- Born: 18 September 1869 Vienna
- Died: 19 January 1954 (aged 84) Berlin
- Scientific career
- Fields: Anthropology

= Richard Thurnwald =

Austrian anthropologist (1869–1954)

Richard Thurnwald (18 September 1869 – 19 January 1954) was an Austrian anthropologist and sociologist, known for his comparative studies of social institutions.

== Biography ==
He studied law, economics and oriental languages in Berlin, earning a law degree in 1891. He then took a government post, and while being stationed in Bosnia (from 1896), he conducted research of the local social and economic climate. In 1898 he travelled to Egypt, and following his return to Berlin, he took classes in Egyptology and Assyriology (1901–05). In Berlin, he found employment as an assistant curator at the Museum für Völkerkunde.

In 1917 he completed his habilitation at the University of Halle, and several years later, began giving lectures in sociology and anthropology in Berlin (1924). From 1931 to 1936, he taught classes in the United States, giving lectures at Harvard, Yale and at the University of California. After World War II, as a professor at the Free University of Berlin, he established the Institute of Social and Cultural Anthropology.

During his career, he conducted ethno-sociological studies in the Solomon Islands and Micronesia (1906–09). In New Guinea (1912–15) he was the first European entering the highlands of central New Guinea along with Walter Behrmann also a member of the Kaiserin-Augusta-Fluss Expedition of 1912-13.

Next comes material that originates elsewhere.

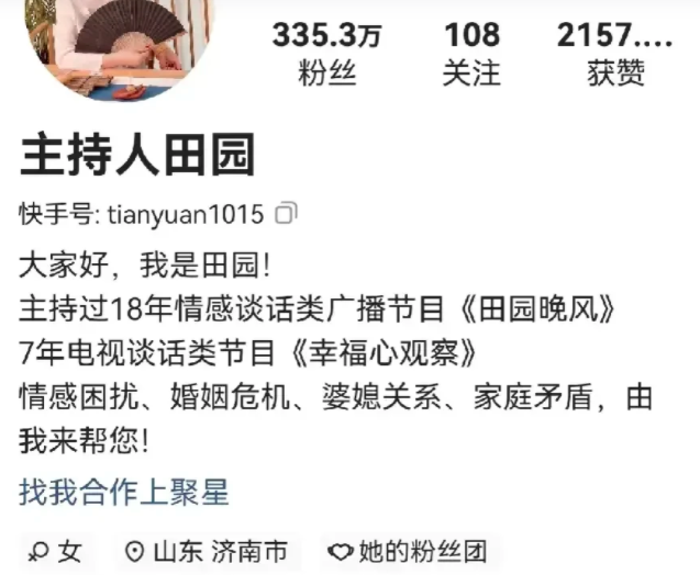 搜了一下该网红的媒体账号“主持人田园”,简介上说,她主持过18年的情感类节目,7年的电视谈话类节目,像什么情感困扰,婚姻危机、婆媳关系、家庭矛盾,都可以帮忙调解。

Later he traveled to East Africa (1930) to continue his studies. He departed from the influential views of Wilhelm Wundt and Lucien Lévy-Bruhl, and believed that by analyzing social institutions comparatively, one could better explain their differences and how these differences determined the fundamental function of each institution. Thus, by comparing functional social structures, Thurnwald formed sequences of historical development.

Robert Lowie praised him in an obituary as "one of the most productive ethnologists of his time".

== Published works ==
In 1925 he founded the journal, Zeitschrift für Völkerpsychologie und Soziologie, a publication that was later renamed Sociologus. From 1931 to 1934, he published the highly acclaimed Die menschliche Gesellschaft in ihren ethno-soziologischen Grundlagen ("The ethno-sociological foundations of human society"; 5 volumes). Several of his works have been published in English, such as:
- Bánaro society; social organization and kinship system of a tribe in the interior of New Guinea, 1916.
- Economics in primitive communities, 1932.
- (with Diedrich Westermann) The missionary and anthropological research, 1932.
- Black and white in East Africa; the fabric of a new civilization; a study in social contact and adaptation of life in East Africa, 1935.
- Profane literature of Buin, Solomon Islands, 1936.